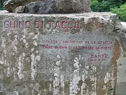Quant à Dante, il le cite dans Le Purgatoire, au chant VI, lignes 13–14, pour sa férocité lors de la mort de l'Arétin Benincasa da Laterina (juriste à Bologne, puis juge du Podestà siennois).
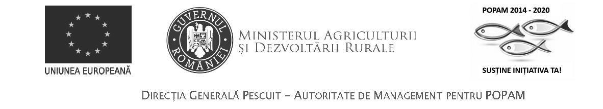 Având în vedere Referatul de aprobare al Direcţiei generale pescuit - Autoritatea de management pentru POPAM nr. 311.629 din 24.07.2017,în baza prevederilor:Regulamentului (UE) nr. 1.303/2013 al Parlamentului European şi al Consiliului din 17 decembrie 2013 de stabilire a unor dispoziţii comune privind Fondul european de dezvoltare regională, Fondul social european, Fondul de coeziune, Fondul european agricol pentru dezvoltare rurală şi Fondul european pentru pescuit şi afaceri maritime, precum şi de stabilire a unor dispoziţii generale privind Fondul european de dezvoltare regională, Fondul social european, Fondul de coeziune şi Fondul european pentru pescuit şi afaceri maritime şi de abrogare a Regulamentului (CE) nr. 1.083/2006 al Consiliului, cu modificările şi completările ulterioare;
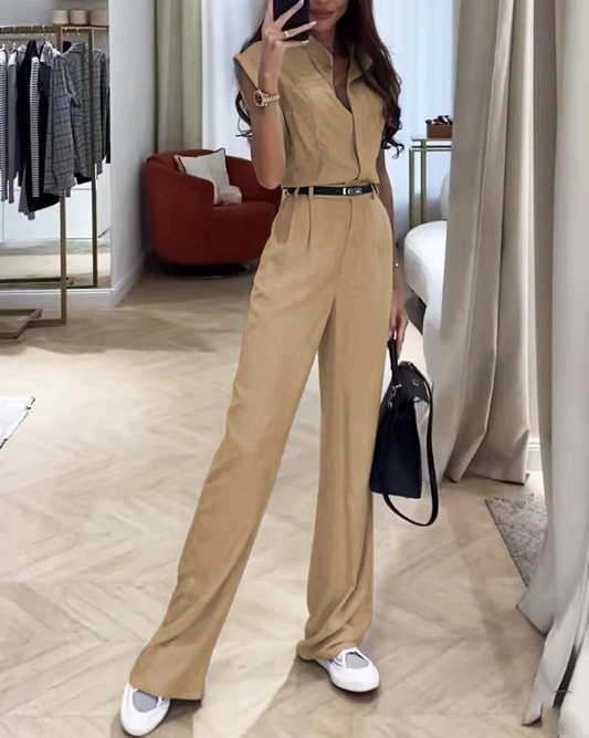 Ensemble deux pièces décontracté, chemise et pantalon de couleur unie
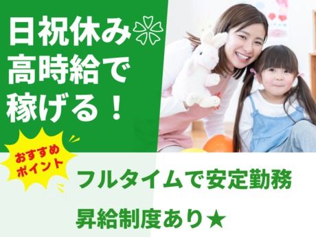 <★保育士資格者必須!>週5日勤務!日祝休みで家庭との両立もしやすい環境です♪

____________

Once the line with "Ensemble deux pièces" is found, write out that line and every later line of the listing above exactly, through the last one, and skip any pictures.

_ANSWER SPACE_
 Ensemble deux pièces décontracté, chemise et pantalon de couleur unie
 <★保育士資格者必須!>週5日勤務!日祝休みで家庭との両立もしやすい環境です♪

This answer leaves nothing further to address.